*** Data section ***

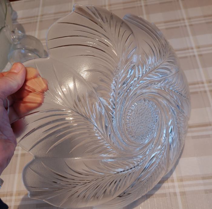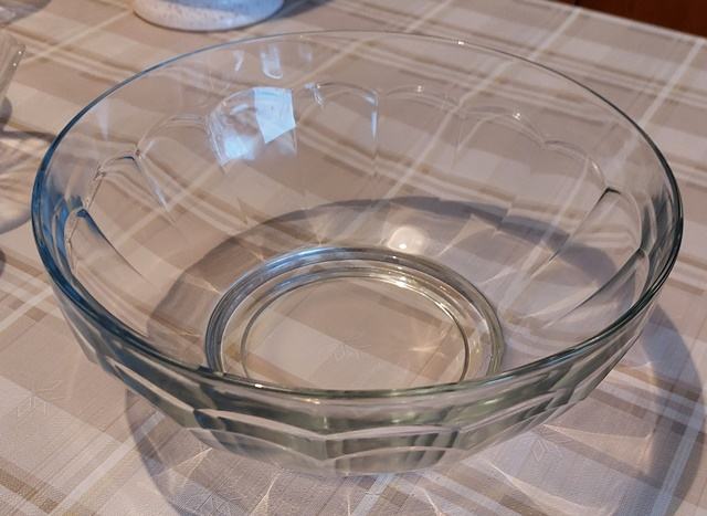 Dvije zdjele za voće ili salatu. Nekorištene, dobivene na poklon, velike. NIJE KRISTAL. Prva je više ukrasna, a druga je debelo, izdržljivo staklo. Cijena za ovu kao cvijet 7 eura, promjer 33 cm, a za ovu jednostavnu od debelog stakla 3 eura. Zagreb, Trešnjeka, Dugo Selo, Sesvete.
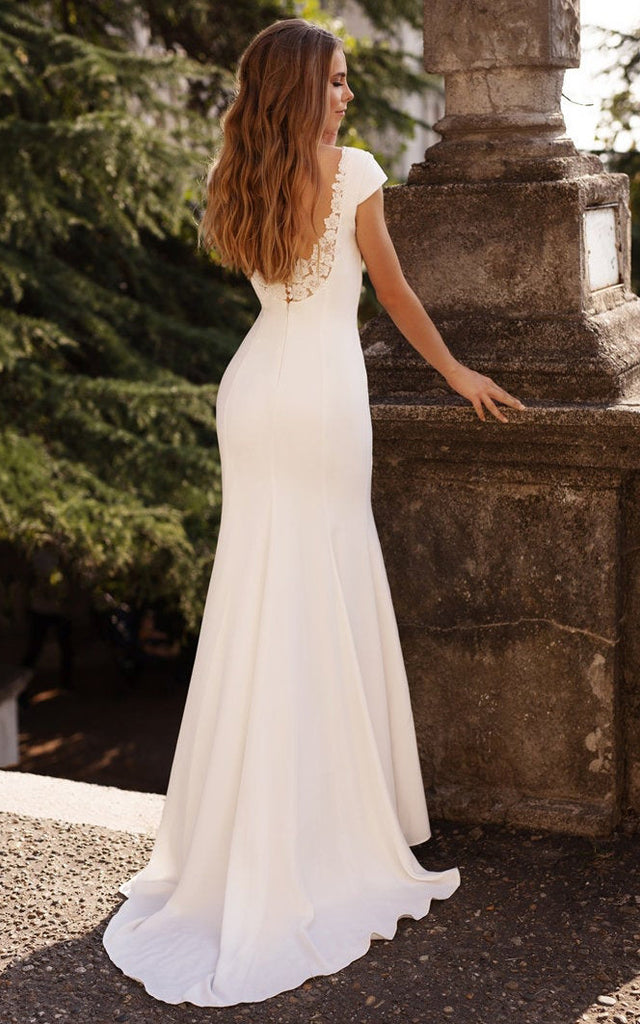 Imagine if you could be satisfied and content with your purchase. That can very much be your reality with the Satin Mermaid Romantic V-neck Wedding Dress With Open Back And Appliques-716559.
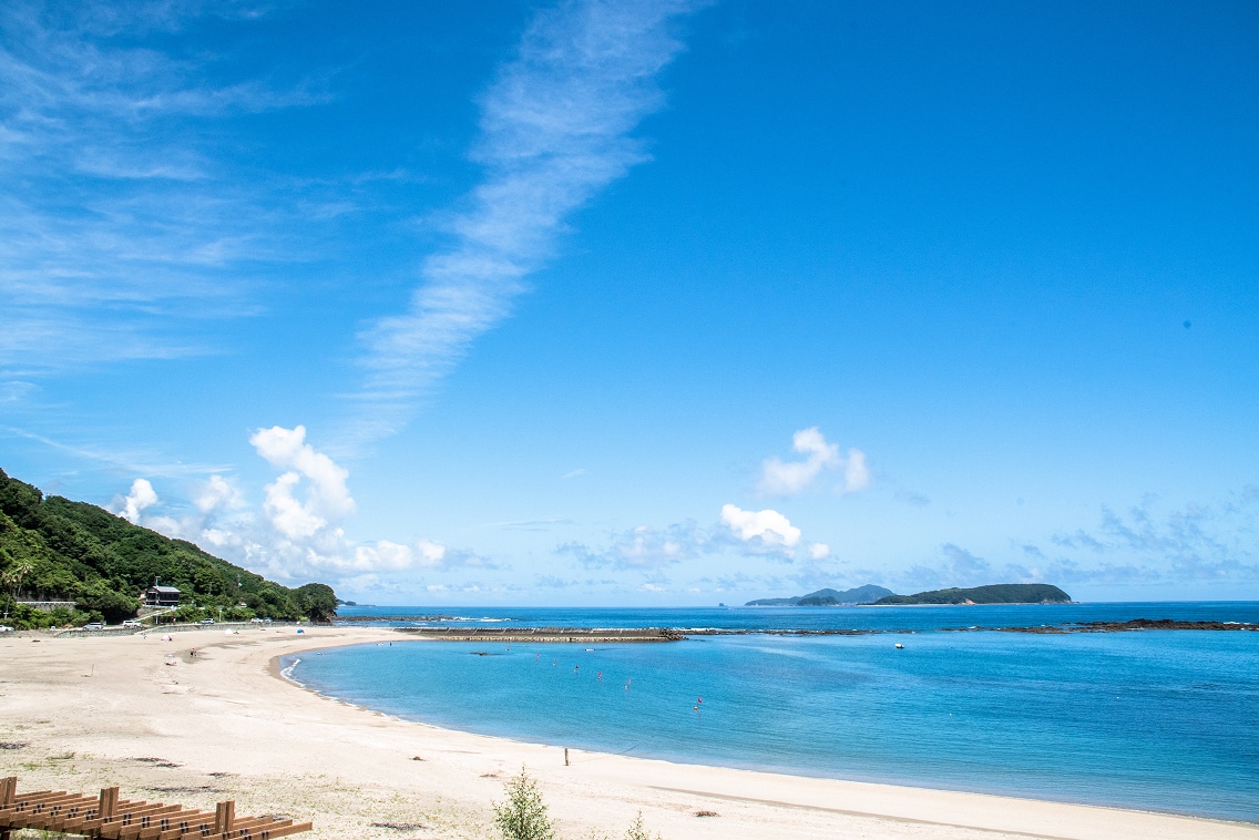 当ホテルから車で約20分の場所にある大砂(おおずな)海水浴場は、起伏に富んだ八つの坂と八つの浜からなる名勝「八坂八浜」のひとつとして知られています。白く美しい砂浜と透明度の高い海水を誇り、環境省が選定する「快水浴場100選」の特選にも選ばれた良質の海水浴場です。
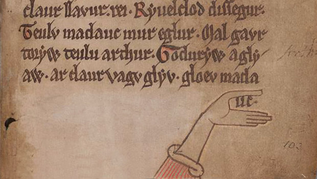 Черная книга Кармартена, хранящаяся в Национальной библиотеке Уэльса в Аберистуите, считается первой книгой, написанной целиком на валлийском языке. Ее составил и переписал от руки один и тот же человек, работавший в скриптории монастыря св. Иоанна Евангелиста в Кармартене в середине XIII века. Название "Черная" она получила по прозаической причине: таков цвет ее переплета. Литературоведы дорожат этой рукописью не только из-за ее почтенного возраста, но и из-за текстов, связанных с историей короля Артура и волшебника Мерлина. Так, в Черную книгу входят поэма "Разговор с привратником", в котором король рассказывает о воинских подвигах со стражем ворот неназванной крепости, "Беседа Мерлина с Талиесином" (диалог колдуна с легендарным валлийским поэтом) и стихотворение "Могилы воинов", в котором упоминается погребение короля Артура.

***

• _Your assignment_: Would you reproduce the listing above exactly, without any of its images?

• _Solution below_:
 Dvije zdjele za voće ili salatu. Nekorištene, dobivene na poklon, velike. NIJE KRISTAL. Prva je više ukrasna, a druga je debelo, izdržljivo staklo. Cijena za ovu kao cvijet 7 eura, promjer 33 cm, a za ovu jednostavnu od debelog stakla 3 eura. Zagreb, Trešnjeka, Dugo Selo, Sesvete.
 Imagine if you could be satisfied and content with your purchase. That can very much be your reality with the Satin Mermaid Romantic V-neck Wedding Dress With Open Back And Appliques-716559.
 当ホテルから車で約20分の場所にある大砂(おおずな)海水浴場は、起伏に富んだ八つの坂と八つの浜からなる名勝「八坂八浜」のひとつとして知られています。白く美しい砂浜と透明度の高い海水を誇り、環境省が選定する「快水浴場100選」の特選にも選ばれた良質の海水浴場です。
 Черная книга Кармартена, хранящаяся в Национальной библиотеке Уэльса в Аберистуите, считается первой книгой, написанной целиком на валлийском языке. Ее составил и переписал от руки один и тот же человек, работавший в скриптории монастыря св. Иоанна Евангелиста в Кармартене в середине XIII века. Название "Черная" она получила по прозаической причине: таков цвет ее переплета. Литературоведы дорожат этой рукописью не только из-за ее почтенного возраста, но и из-за текстов, связанных с историей короля Артура и волшебника Мерлина. Так, в Черную книгу входят поэма "Разговор с привратником", в котором король рассказывает о воинских подвигах со стражем ворот неназванной крепости, "Беседа Мерлина с Талиесином" (диалог колдуна с легендарным валлийским поэтом) и стихотворение "Могилы воинов", в котором упоминается погребение короля Артура.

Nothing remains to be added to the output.